• Stored records
------------------------------
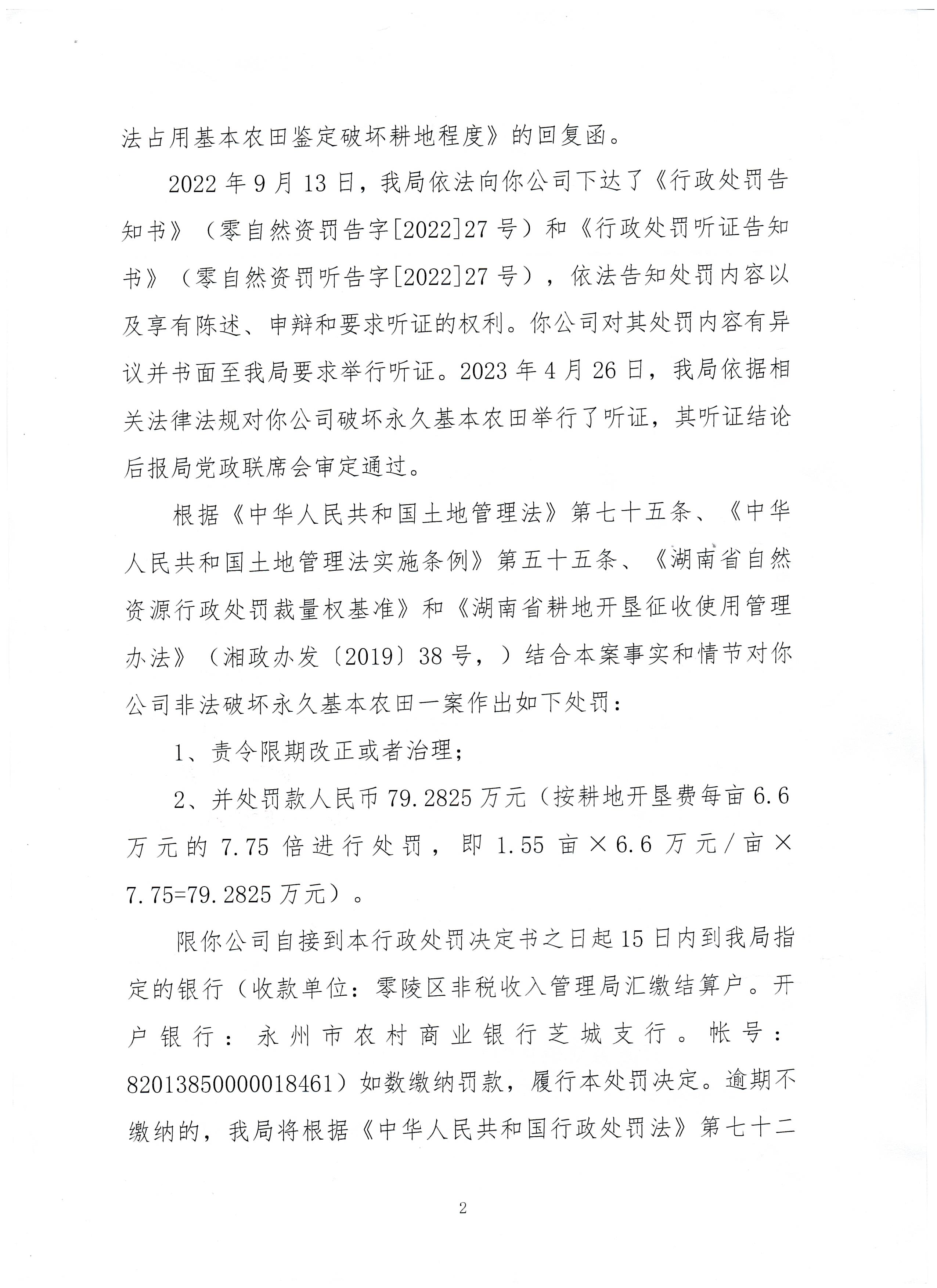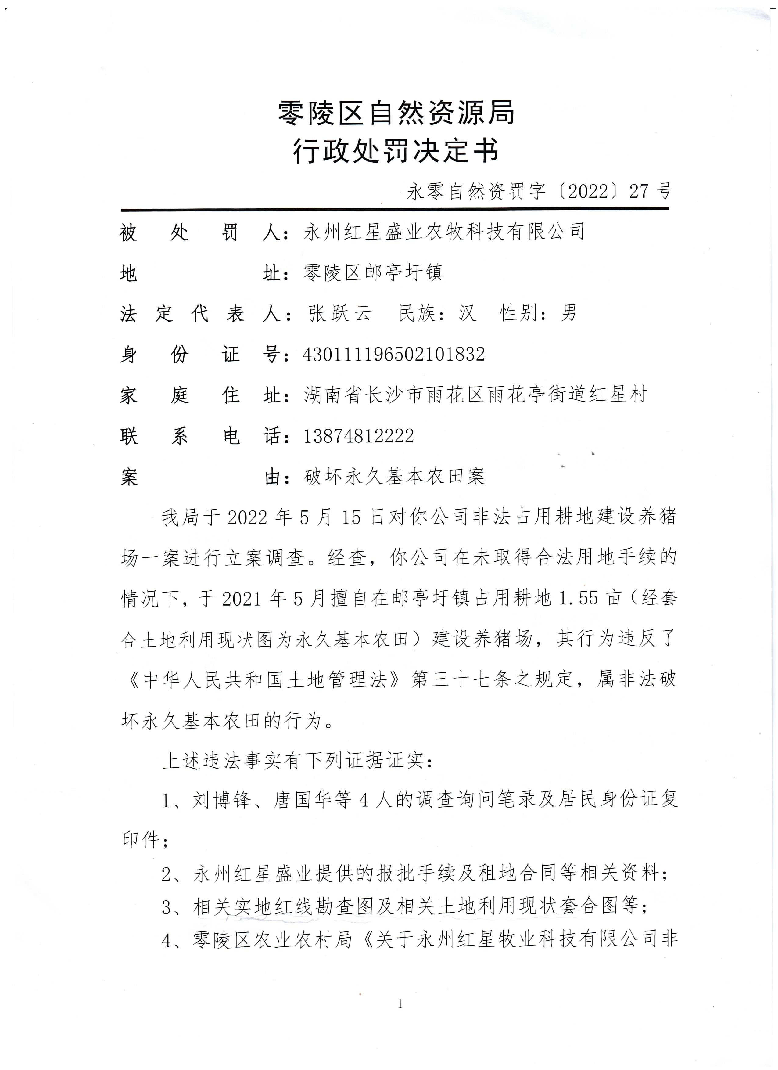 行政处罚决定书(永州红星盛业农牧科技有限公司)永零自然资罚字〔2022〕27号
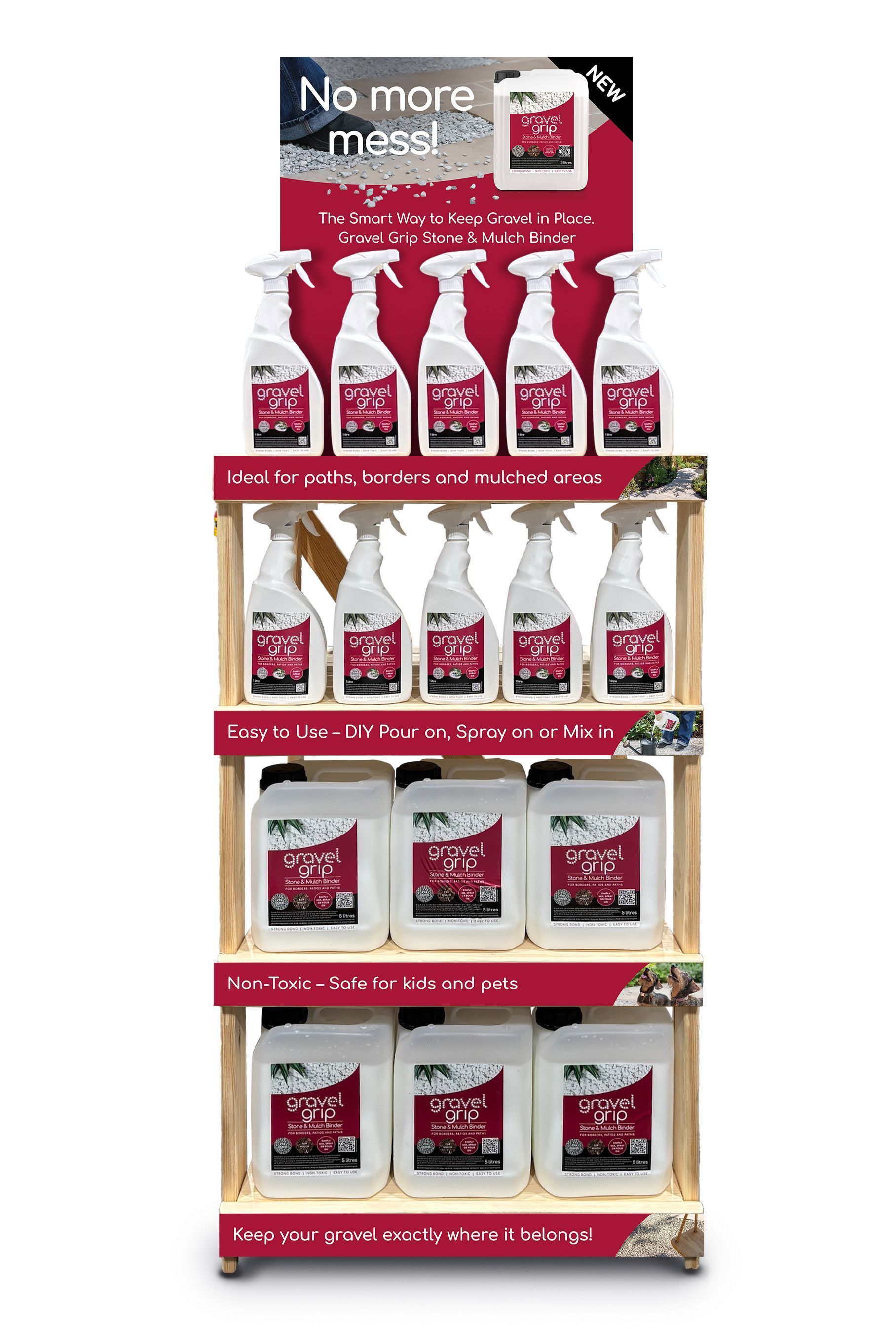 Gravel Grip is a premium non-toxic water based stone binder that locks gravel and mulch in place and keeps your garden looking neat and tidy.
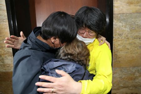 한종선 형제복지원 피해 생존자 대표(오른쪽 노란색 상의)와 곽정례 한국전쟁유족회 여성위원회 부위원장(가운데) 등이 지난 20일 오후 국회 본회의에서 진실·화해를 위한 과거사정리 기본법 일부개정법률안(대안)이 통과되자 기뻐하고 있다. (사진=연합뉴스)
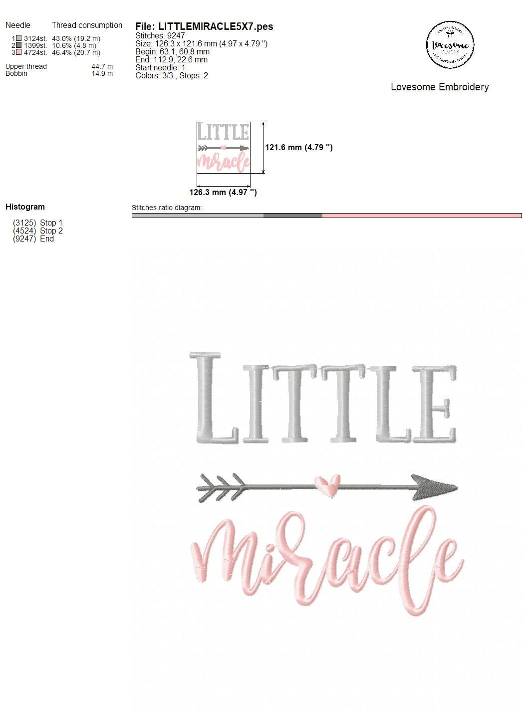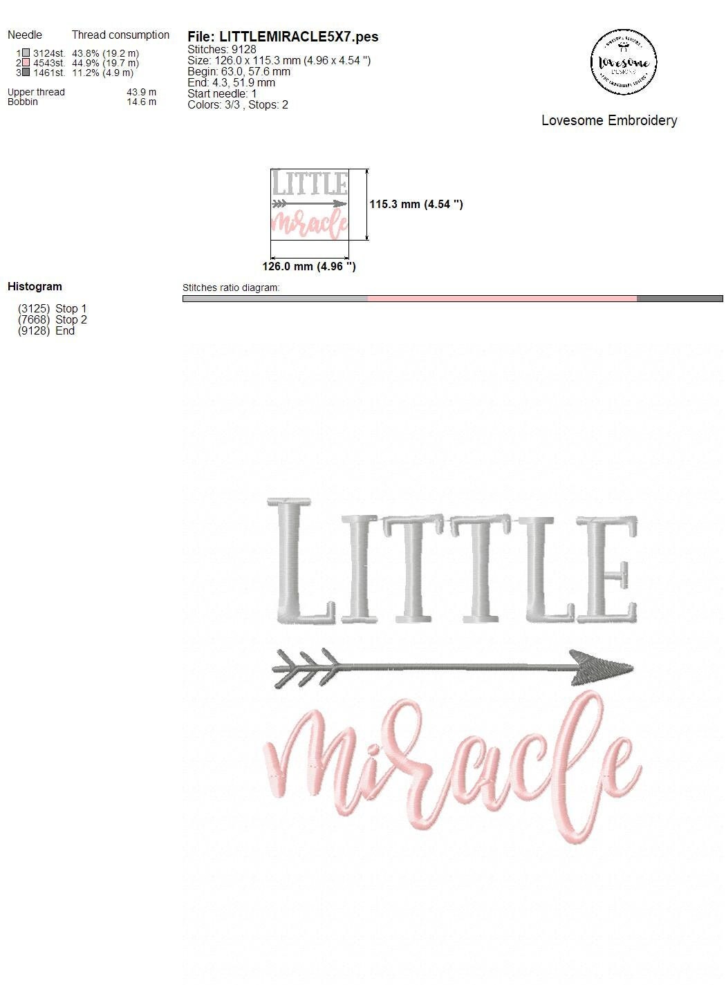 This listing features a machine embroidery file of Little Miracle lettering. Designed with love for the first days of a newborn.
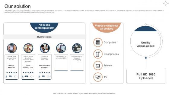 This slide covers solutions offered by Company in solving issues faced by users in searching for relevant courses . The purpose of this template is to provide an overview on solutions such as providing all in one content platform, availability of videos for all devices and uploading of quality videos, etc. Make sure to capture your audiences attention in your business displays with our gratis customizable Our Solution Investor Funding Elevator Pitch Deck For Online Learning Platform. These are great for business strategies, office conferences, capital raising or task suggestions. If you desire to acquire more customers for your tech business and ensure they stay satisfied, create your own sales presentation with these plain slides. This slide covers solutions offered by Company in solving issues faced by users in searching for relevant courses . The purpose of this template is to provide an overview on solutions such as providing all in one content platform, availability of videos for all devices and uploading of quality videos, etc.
------------------------------
Only the text of the records above is to be reproduced, exactly as given; the pictures are dropped.

• Task result
 行政处罚决定书(永州红星盛业农牧科技有限公司)永零自然资罚字〔2022〕27号
 Gravel Grip is a premium non-toxic water based stone binder that locks gravel and mulch in place and keeps your garden looking neat and tidy.
 한종선 형제복지원 피해 생존자 대표(오른쪽 노란색 상의)와 곽정례 한국전쟁유족회 여성위원회 부위원장(가운데) 등이 지난 20일 오후 국회 본회의에서 진실·화해를 위한 과거사정리 기본법 일부개정법률안(대안)이 통과되자 기뻐하고 있다. (사진=연합뉴스)
 This listing features a machine embroidery file of Little Miracle lettering. Designed with love for the first days of a newborn.
 This slide covers solutions offered by Company in solving issues faced by users in searching for relevant courses . The purpose of this template is to provide an overview on solutions such as providing all in one content platform, availability of videos for all devices and uploading of quality videos, etc. Make sure to capture your audiences attention in your business displays with our gratis customizable Our Solution Investor Funding Elevator Pitch Deck For Online Learning Platform. These are great for business strategies, office conferences, capital raising or task suggestions. If you desire to acquire more customers for your tech business and ensure they stay satisfied, create your own sales presentation with these plain slides. This slide covers solutions offered by Company in solving issues faced by users in searching for relevant courses . The purpose of this template is to provide an overview on solutions such as providing all in one content platform, availability of videos for all devices and uploading of quality videos, etc.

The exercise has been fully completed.